Step 1 :Given two independent random samples with the following results: \[\begin{array}{ll} n_{1}=13 & n_{2}=7 \\ \bar{x}_{1}=94 & \bar{x}_{2}=128 \\ s_{1}=15 & s_{2}=16 \end{array}\]
Step 2 :We are asked to find the $95 \%$ confidence interval for the true difference between the population means. We assume that the population variances are not equal and that the two populations are normally distributed.
Step 3 :The formula for the confidence interval in this case is: \[(\bar{x}_1 - \bar{x}_2) \pm t_{\alpha/2} \sqrt{\frac{s_1^2}{n_1} + \frac{s_2^2}{n_2}}\] where: \(\bar{x}_1\) and \(\bar{x}_2\) are the sample means, \(s_1\) and \(s_2\) are the sample standard deviations, \(n_1\) and \(n_2\) are the sample sizes, and \(t_{\alpha/2}\) is the t-score for a 95% confidence interval.
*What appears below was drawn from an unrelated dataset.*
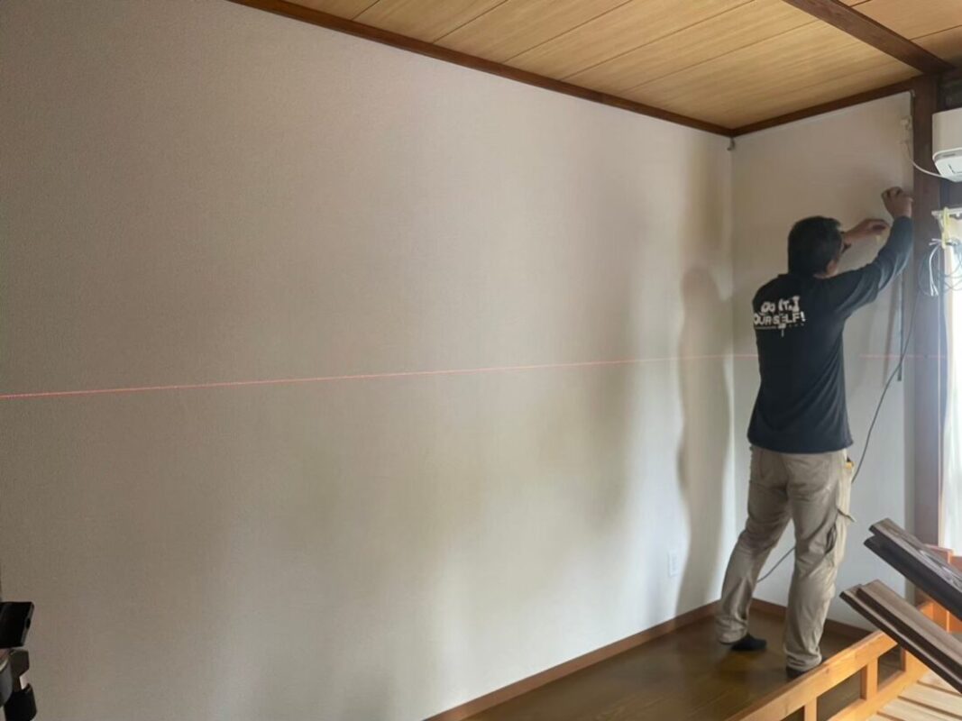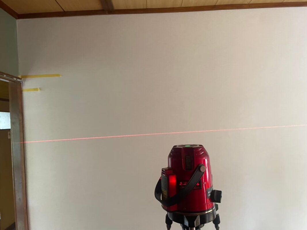 長押を取り付ける際は、まっすぐ正確に設置することは非常に重要です。レーザー墨出し器を使えば、壁にレーザー光で真っ直ぐな線を示すことができ、この線に合わせて長押を貼ることで、歪みなく、非常に正確な施工が可能になります。これにより、仕上がりの美しさだけでなく、作業効率も向上します。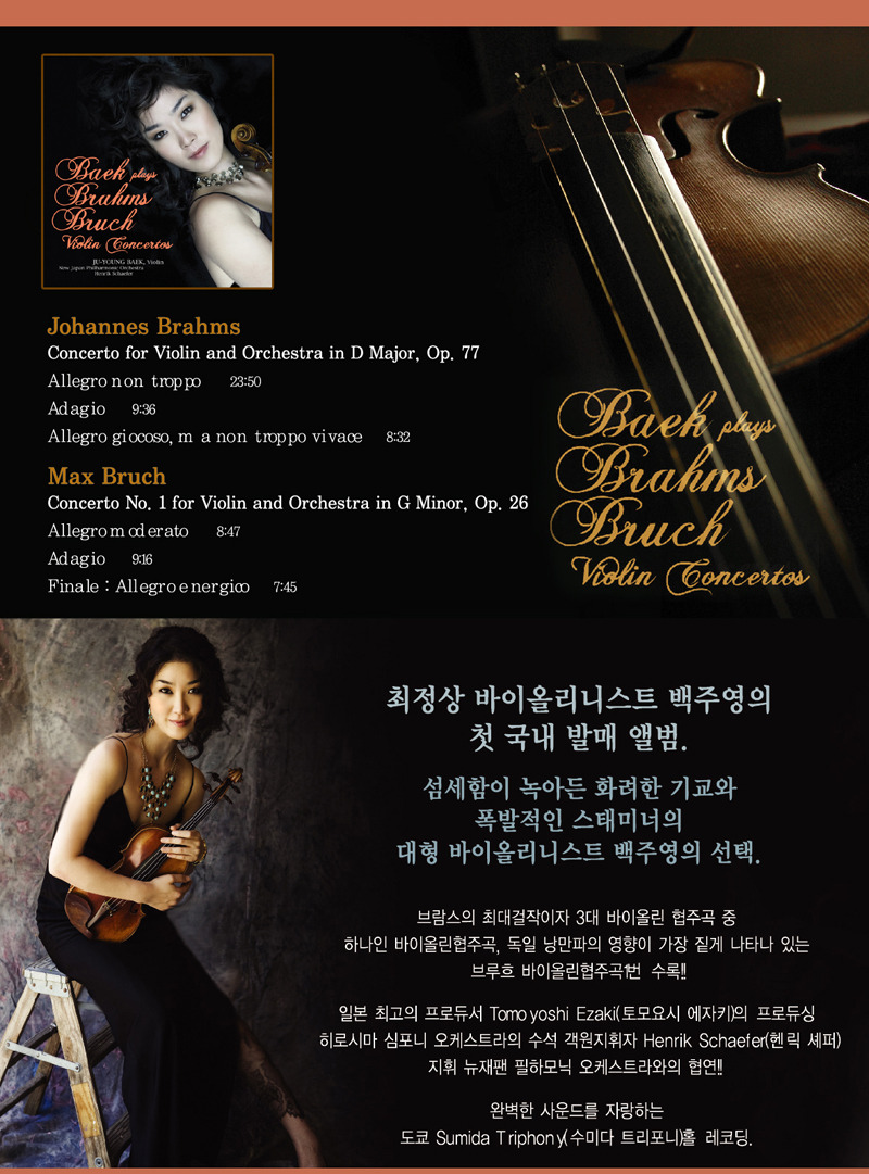 [CLASSIC](2009/9/24) 바이올리니스트 백주영 첫 국내앨범 [브람스 바이올린협주곡, 브루흐 바이올린 협주곡 1번]

Step 4 :The degrees of freedom for this t-distribution is the smaller of \(n_1 - 1\) and \(n_2 - 1\). In this case, the degrees of freedom is 6.
Step 5 :Plugging in the given values into the formula, we find that the lower bound of the confidence interval is -52 and the upper bound is -16.
Step 6 :Thus, the $95 \%$ confidence interval for the true difference between the population means is \(\boxed{(-52, -16)}\).